The Atlantic Magazine, May 2006
Will this year’s midterm elections feature a new raft of state ballot initiatives to ban same-sex marriage?
Definitely. Voters in eighteen states have already passed such bans, and the ballot initiatives have proven to be a major base-mobilizer for conservatives—so this year, there will be more. At least six states—Alabama, South Carolina, South Dakota, Tennessee, Virginia, and Wisconsin—will certainly hold referenda, and Arizona and Colorado are likely to do so as well. And given the success such measures have enjoyed at the ballot box, they will probably pass with strong majorities.
Yet these referenda—and the ongoing backlash they represent against the 2003 decision by the Massachusetts Supreme Judicial Court to legalize same-sex marriage—do not constitute the most interesting development in the emerging politics of gay marriage.
What development would that be?
A quiet countercurrent, driven by popular opinion, that’s making progress in several states, even in the face of the post-Massachusetts backlash.
Popular opinion?
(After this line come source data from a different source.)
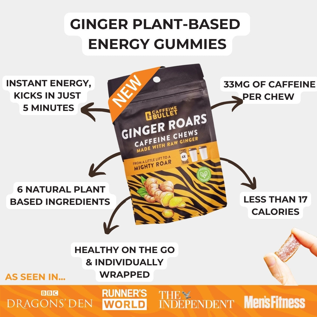 - 6 x Ginger Roars Chews - 33mg of Caffeine Per Chew (£3.49/$4.99)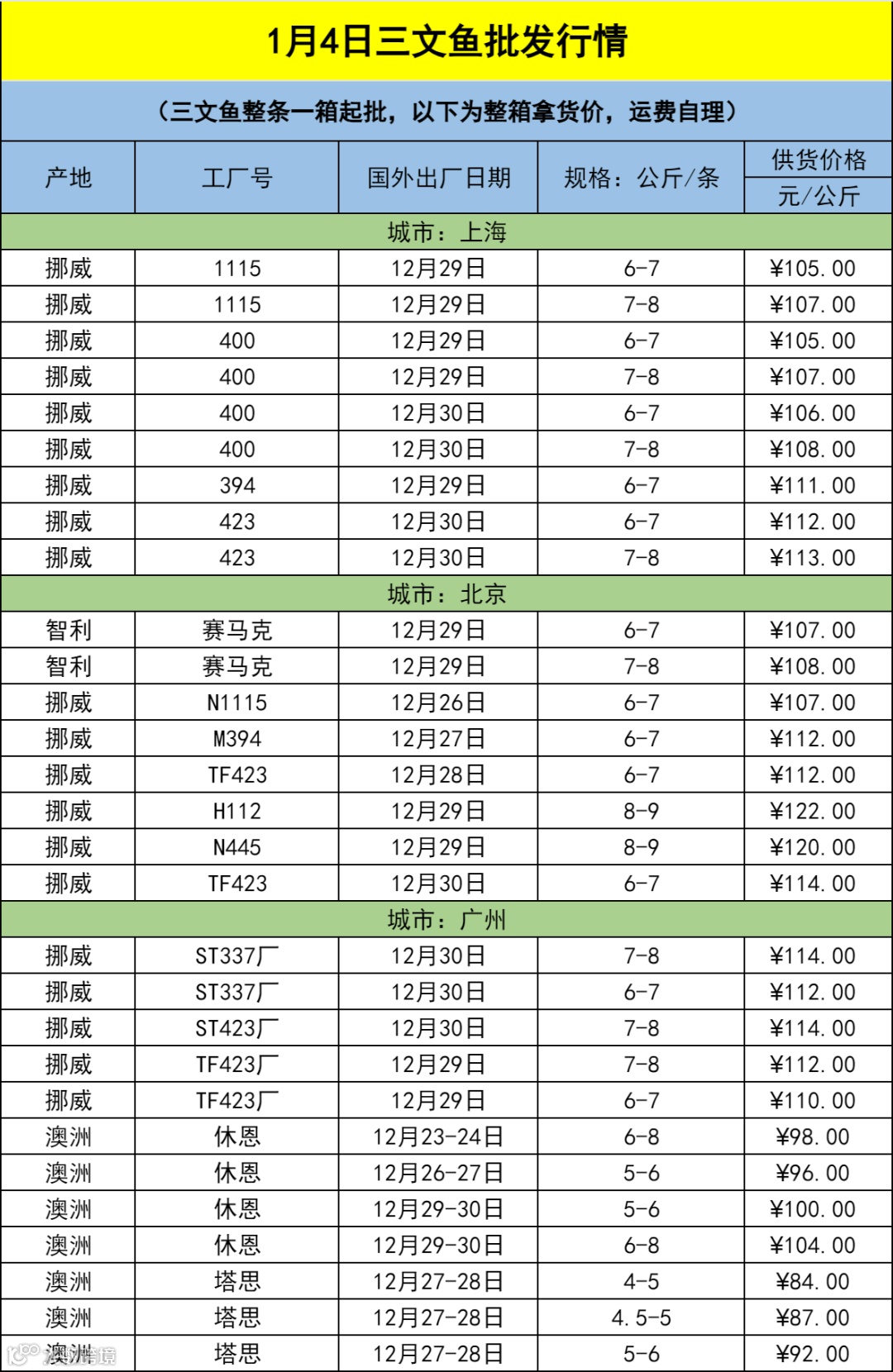 1月4日三文鱼批发行情(上海|北京|广州)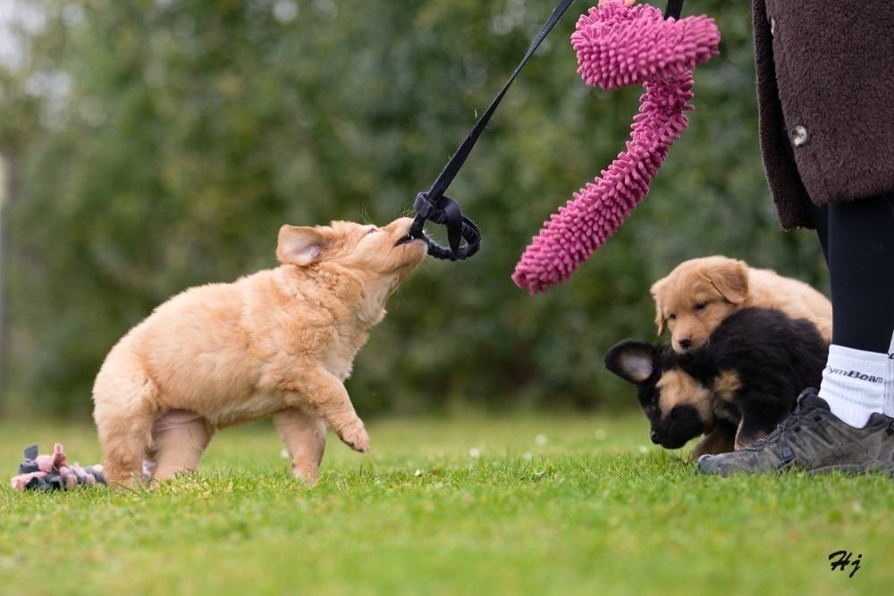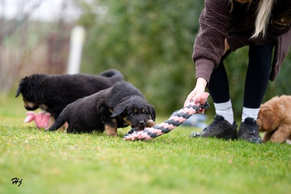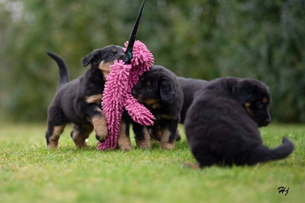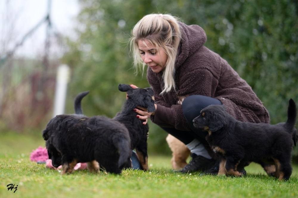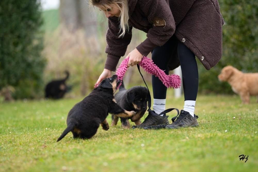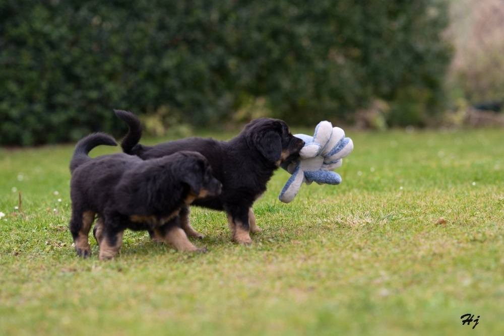 V sobotu jsme měli milou návštěvu. Přijela se na štěňátka podívat majitelka taťky Tina v. d. Jagsthöhe. Dovezla štěňátkům dárečky, vyfotila akční fotky, prohlédla důkladně. Věřím, že je s nimi stejně spokojená jako já.

Isn’t gay marriage just the handiwork of “activist judges”?
Conservatives, including President Bush, often deride it as such. But the last few years have seen significant movement toward state recognition of same-sex relationships through normal democratic processes. In 2004, legislators in New Jersey and Maine passed domestic-partnership laws, joining Hawaii in formally recognizing same-sex partnerships and granting them certain rights associated with marriage. Last year, Connecticut’s legislature instituted civil unions (the bill was signed into law by a Republican governor); with Vermont, it’s one of only two states to have established this legal alter ego for heterosexual marriage. Even before the Massachusetts court ruled, California lawmakers had moved to beef up their own domestic-partnership law to grant nearly all the entitlements of a marriage license; then, last September, they passed a bill creating actual gay marriage—which Governor Arnold Schwarzenegger vetoed. Also last year, Maryland lawmakers passed a bill creating a formal statewide registry of “life partners” to facilitate medical decision-making. Republican Governor Robert Ehrlich vetoed it but took enough political heat for doing so that he came back in the following legislative session with a watered-down proposal of his own.